Геккерен-старший иного и не ожидал. Он поклонился — и вышел. Ему нужно заниматься межгосударственными делами.

Барон д’Антес же ничем иным, кроме дуэльного дела, заниматься не мог. Как заниматься, когда тебе, молодому, красивому, общему любимцу, предстоит идти к барьеру?

— Всё бы ничего, — начал я, — если бы это господин Пушкин вызвал вас на дуэль. А так...

Я помахал незапечатанным конвертом, в котором находился ответ Геккерена-старшего Пушкину. Разумеется, я уже прочитал его — с позволения и по настоянию посланника:



«Милостивый государь. Не зная ни вашего почерка, ни вашей подписи, я обратился к г. барону Магелю, который вручит вам настоящее письмо, чтобы убедиться, действительно ли то письмо, на какое я отвечаю, исходит от вас. Содержание его до такой степени выходит из пределов возможного, что я отказываюсь отвечать на все подробности этого послания. Вы, по-видимому, забыли, милостивый государь, что именно вы отказались от вызова, направленного вами барону Жоржу де Геккерену и им принятого. Доказательство тому, что я здесь заявляю, существует — оно писано вашей рукой и осталось в руках у секундантов.

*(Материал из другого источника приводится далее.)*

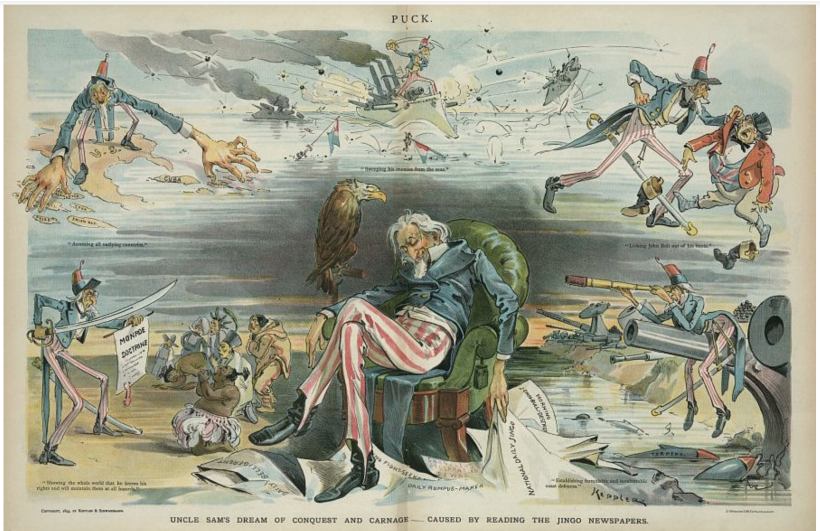
Uncle Sam's Dream of Conquest and Carnage – Caused by Reading the Jingo Newspapers (1895) — Source .

Source: Puck, v. 38, no. 975, (1895 November 13), centerfold.
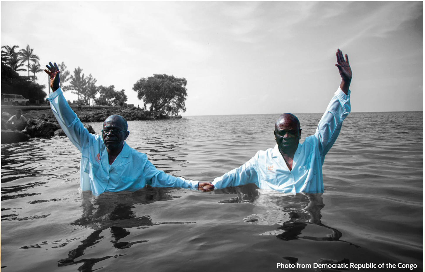
Photo from Democratic Republic of the Congo

That day, I felt something indescribable, as if Heaven had opened for me. In a leap of faith, I confessed my sins and decided to follow Jesus Christ for the rest of my life. Since then, I have walked this new path with a peace I had never known before, determined to live according to Christ’s teachings. Today, this church supports and guides me in this new life, and I am learning each day to follow in the footsteps of Jesus Christ and to grow in faith.”
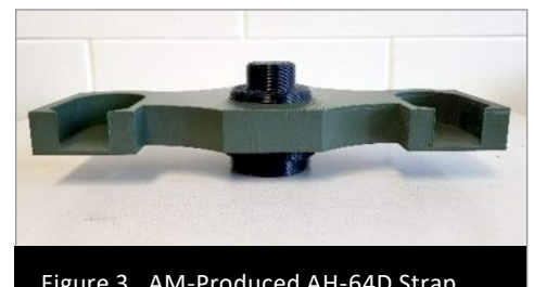
Figure 3. AM-Produced AH-64D Strap Pack Support

strap pack support, they were damaging other parts. The creation and use of the support saved 12.4 maintenance hours and $20,000 to replace the parts that may have been damaged without the AH-64D strap pack support. The strap pack support took only 9 hours to produce at a cost of $3.21. Figure 3 shows an AM-produced AH-64D strap pack support.
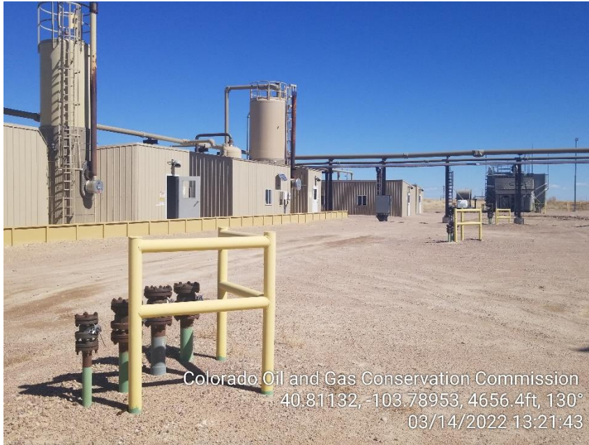
Photo 23 – Various Unmarked Risers, Tags have faded/Weathered away
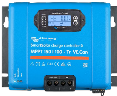
SmartSolar Charge Controller MPPT 150/100-Tr VE.Can with optional pluggable display
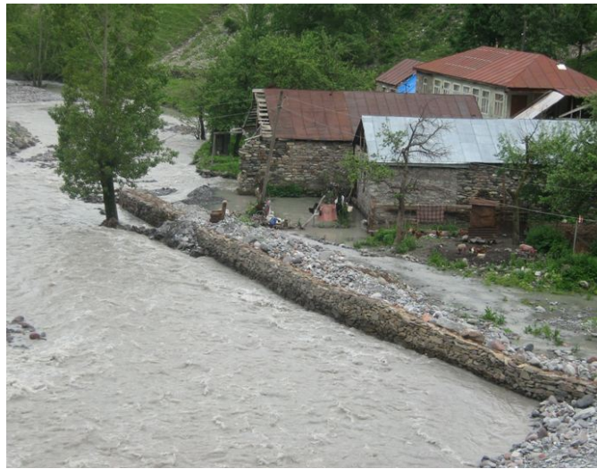
Figure 3. The situation in 2009 (June).
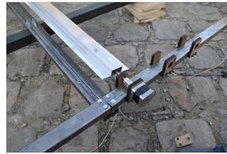
Guide 2: Mirror facets
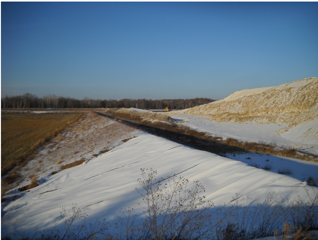
Photo 2 - Along cell 2-3 intercell berm.
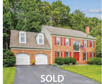
9404 Eagle Trace | Fairfax Station $1,125,000
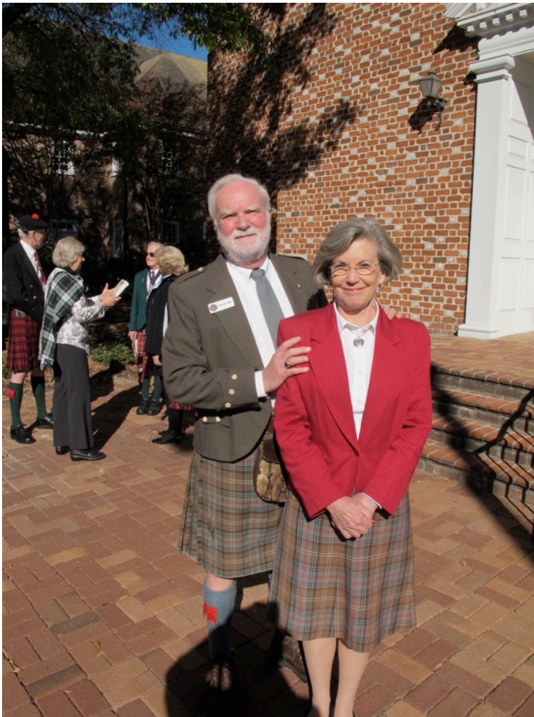
Kirking of the Tartans (above). AGM (below)
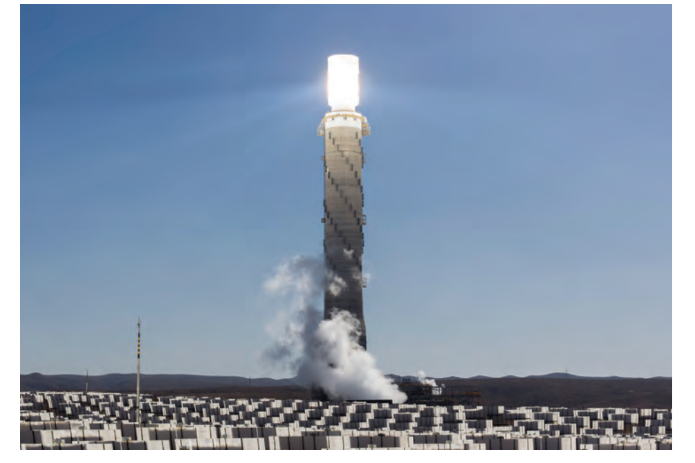
The MST team is utilising the vast expertise of the SZMF R&D institute for projects ranging from solar power to fertilizers.

The MST team has observed that decarbonisation is driving many technical challenges in its premium product market segment. "This evolution presents many challenges to the industry in general,
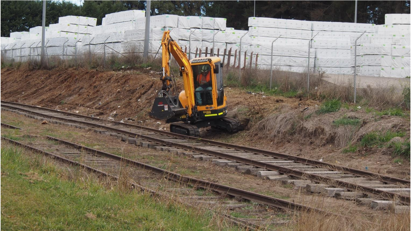
Excavator organised by Highland Pine clearing vegetation in the rail corridor.

Мне остаётся только предупредить вас, что г. барон Магель отправляется к вам, чтобы условиться относительно места, где вы встретитесь с бароном Жоржем Геккереном, и предупредить вас, что эта встреча не терпит никакой отсрочки.

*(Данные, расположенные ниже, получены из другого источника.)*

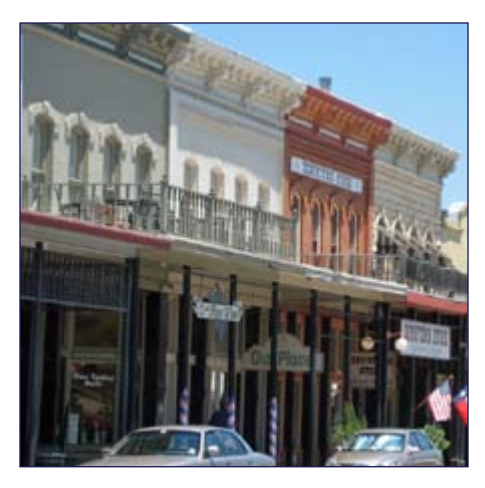
Granbury, Texas

have seen first-hand the real human impact of these harmful loans.
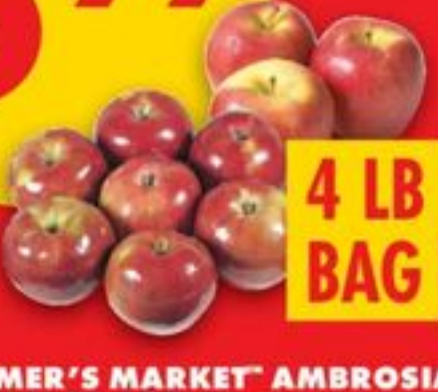
FARMER'S MARKET™ AMBROSIA or MCINTOSH APPLES product of Atlantic Provinces, Canada fancy grade pommes 21307212001_EA/20713211001_EA
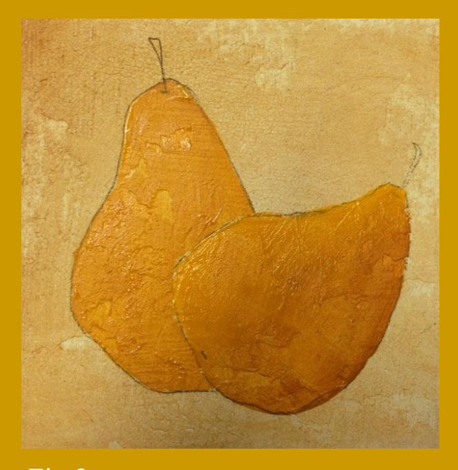
Fig 2: Pears are based with Yellow Deep on the right and Indian Yellow on the Left
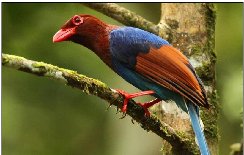
Sri Lanka Blue Magpie

A night walk in the area may yield a sighting of Sri Lanka Frogmouth, a truly outrageous bird, and we will again make a concerted effort to find the inexplicably localised Serendib Scops Owl. This area is also home to a colourful variety of butterflies as well as a fine selection of
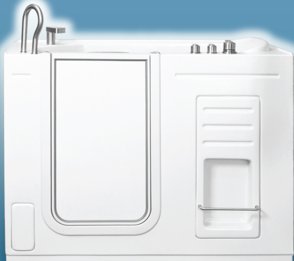
Model IE-5129 Inswing Door 51 \frac{1}{4} " x 29 \frac{3}{4} " x 37 \frac{1}{2} "
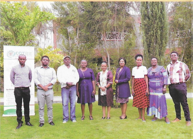
COTRR field, project and management team

The projects and programmes are run in partnership with a local Kenyan non-governmental organization;- Community Organization & Training for Risk Reduction (COTRR)
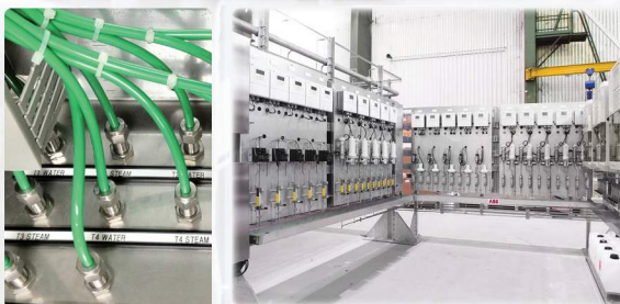
Analytical Shelters & Sampling Systems

Я сумею впоследствии, милостивый государь, заставить вас оценить по достоинству звание, которым я облечён и которого никакая выходка с вашей стороны запятнать не может».

На письме приписка: «Прочтено и одобрено мною. Барон Жорж де Геккерен». Эту приписку заставил сделать д’Антеса Геккерен-старший.

И как теперь быть?

— Он поначалу хотел позвать д’Арширака, но я настоял, чтобы мои интересы представляли вы, господин барон, — сказал д’Антес.

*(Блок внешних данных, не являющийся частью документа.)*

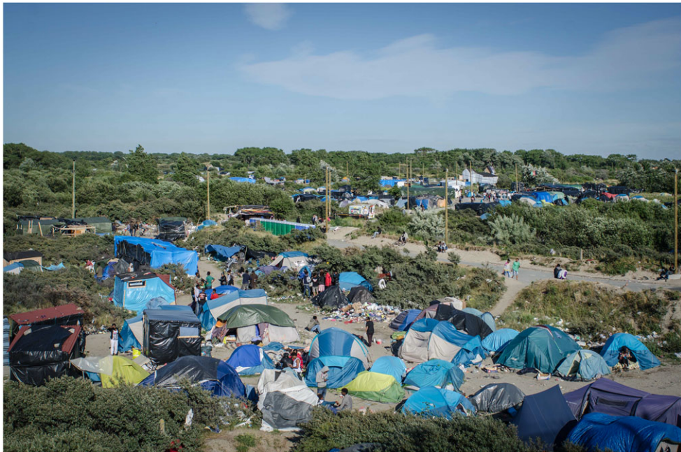
Figure 6: A view of the tents and makeshift structures in the western part of the Calais camp [Colour figure can be viewed at wileyonlinelibrary.com ]

reported their conditions worsening over time by damp and cold conditions, whilst all residents interviewed reported being extremely cold, especially during the night. This permanent wounding of refugees would not be as grievous if it was for a short period, but some residents had been exposed to such conditions for up to a year, articulating how they felt “trapped”. As security around the port town increased in the summer of 2015, the possibility of reaching the UK was reduced and the camp was increasingly seen as a temporary home, with refugees having built makeshift educational, community and religious spaces.
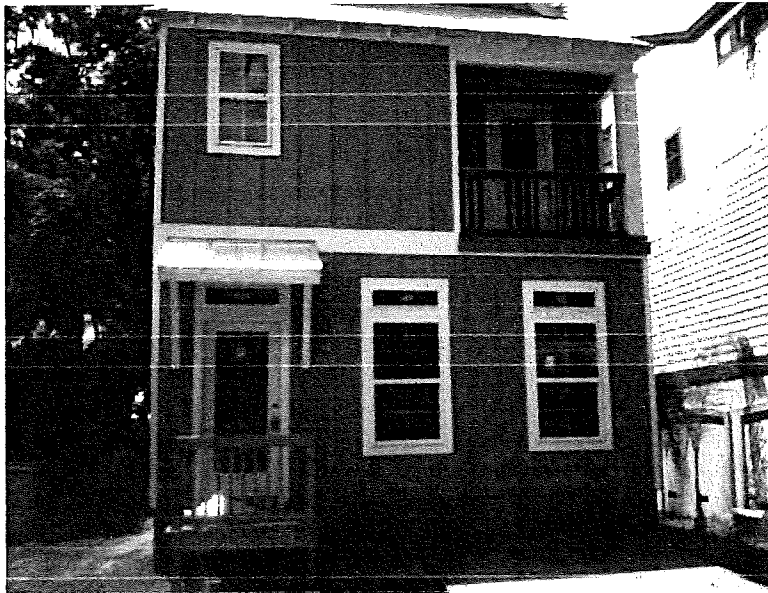
REAR VIEW 7/4/14

— И правильно сделали. Будь дуэль во Франции, лучшего секунданта, чем виконт д’Арширак, и представить трудно, но у России особенная стать, её французским метром не измерить. Ладно, не всё потеряно.

— Вы полагаете?

— Скажите от себя, господин барон: вам тоже хочется непременно стреляться до смерти? Потому что в смерти хорошего мало. Вернее, ничего хорошего нет вовсе. Только что ты жив — и вот уже нет. Пистолетная пуля, попав в лоб, проделает изрядную дыру спереди, и снесет весь затылок сзади. Зрелище, прямо скажу, нехорошее. Нужна вам такая смерть?

— Конечно же, нет!

— Соглашусь, что в лоб не всякий попадет. Бывает, пуля угодит в живот. Я патриот, поверьте, но состояние русской медицины пока еще не на высоте, к тому же промозглый петербургский климат весьма способствует осложнениям. Рана воспаляется, антонов огонь перекидывается на внутренности, и человек умирает не сразу, а долго и в жутких мучениях. Устроит вас такой исход?

— Конечно же, нет!

— Впрочем, бывает и по другому. Вы выстрелили, промахнулись или ранили противника, он стреляет в ответ. Вы становитесь к нему боком, прикрываетесь рукой с пистолетом. Пуля попадает в руку, дробит плечевую кость, рана опять же воспаляется, но наши хирурги с этим справятся: руку отрежут, но жизнь спасут. А то, бывает, и в ногу попадет. Говорят, в Англии делают неплохие искусственные ноги. Хотите искусственную ногу, барон?

— Конечно же, нет!

И с каждым «нет» барон д’Антес становился бледнее и бледнее. Включите собеседнику воображение, и оно убедит его лучше ваших слов.

— Но честь...

— Никакого ущерба для вашей чести не будет, полноте. Я вас не запугиваю, я просто обрисовываю картину. Мой командир, граф Александр Суворов, утверждал, что лучшая из дуэлей та, что не состоялась, и сам не стеснялся отказываться от дуэлей, что не помешало ему стать величайшим полководцем, генералиссимусом, кавалером множества орденов, российских и европейских.

Услышав про европейские ордена, д’Антес приободрился. Вдруг и не всё потеряно.

— Выпейте для хладнокровия, — я протянул ему белую флягу. — Настоящая бразильская кашаса, двадцатилетней выдержки.

Думаю, что д’Антес и не слышал о кашасе, но двадцать лет выдержки должны придать напитку благородство и достоинство.